In recent years, brand-new field [P.Chen, a Z.T.Xiong of novel high-capacity hydrogen storage material has been started in the discovery of light metal nitrogen hydride hydrogen-storing material; J.Z.Luo, J.Y.Lin, K.L.Tan; Nature; 2002,420:302], the reversible storage that fracture and the reconstruction of this system material through the N-H key realized hydrogen.The reversible hydrogen storage amount of the Li-Mg-N-H hydrogen storage system of being developed is up to 5.5wt% [Z.T.Xiong, G.T.Wu, J.J.Hu, P.Chen, Advanced Materials, 2004,16:1522; W.F.Luo, J.Alloys Compd., 2004,381:284], but because material suction hydrogen desorption kinetics is very slow, the suction hydrogen discharging temperature of material is generally more than 200 ℃, people such as Jun Yang discover and in the Li-Mg-N-H system, add a small amount of LiBH
4Form novel Li-Mg-B-N-H hydrogen storage material [Jun Yang, Andrea Sudik et al, J.Alloys Compd., 2007,446-447:345], this material has lower hydrogen discharging temperature and faster speed for hydrogen absorbing and releasing.But still exist and to put shortcomings such as the hydrogen operating temperature is higher, cyclical stability difference, had a strong impact on its practical application.Therefore, novel Li-Mg-B-N-H catalyzed reversible hydrogen storage material that exploitation has low operating temperature, height stores hydrogen speed and preparation method thereof has important impetus for the practicalization that promotes this high power capacity storage hydrogen material.
Summary of the invention
The purpose of this invention is to provide a kind of no side reaction product, efficient catalytic Li-Mg-B-N-H hydrogen storage material carries out the reversible MCoH that stores hydrogen
x(M=Ti or Zr, 1≤x≤3) Catalysts and its preparation method, and have high hydrogen storage capability, can under lower temperature, inhale the MCoH of putting hydrogen fast simultaneously
xCatalyst /+Li-Mg-B-N-H reversible hydrogen storage material and preparation method thereof, this material can under relatively mild condition, inhale put hydrogen (150 ℃, 7MPa inhales hydrogen; 150 ℃, 0.1MPa is put hydrogen), the reversible hydrogen storage amount reaches more than the 4.6wt%.

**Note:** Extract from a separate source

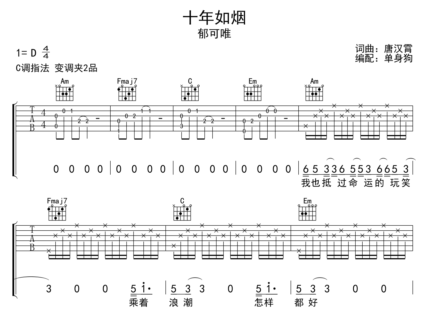 曲谱介绍: 《十年如烟》吉他谱,郁可唯演唱《十年一品温如言》电影主题曲,《十年如烟》吉他弹唱谱,来自@单身狗编配扒谱制作,本吉他谱采用C调和弦指法编配,推荐变调夹夹第2品演奏,原调D调,也可以根据个人嗓音条件灵活选择变调夹位置,演奏难度简单,共有4张高清六线谱图例。

For realizing above-mentioned purpose, the present invention takes following technical scheme:
The reversible hydrogen that stores of a kind of Li-Mg-B-N-H is used metal hydride catalyst, and the chemical expression of this hydride catalytic agent is MCoH
x, wherein M=Ti or Zr, 1≤x≤3.
Described metal hydride catalyst is a graininess, and its particle is less than 100 orders.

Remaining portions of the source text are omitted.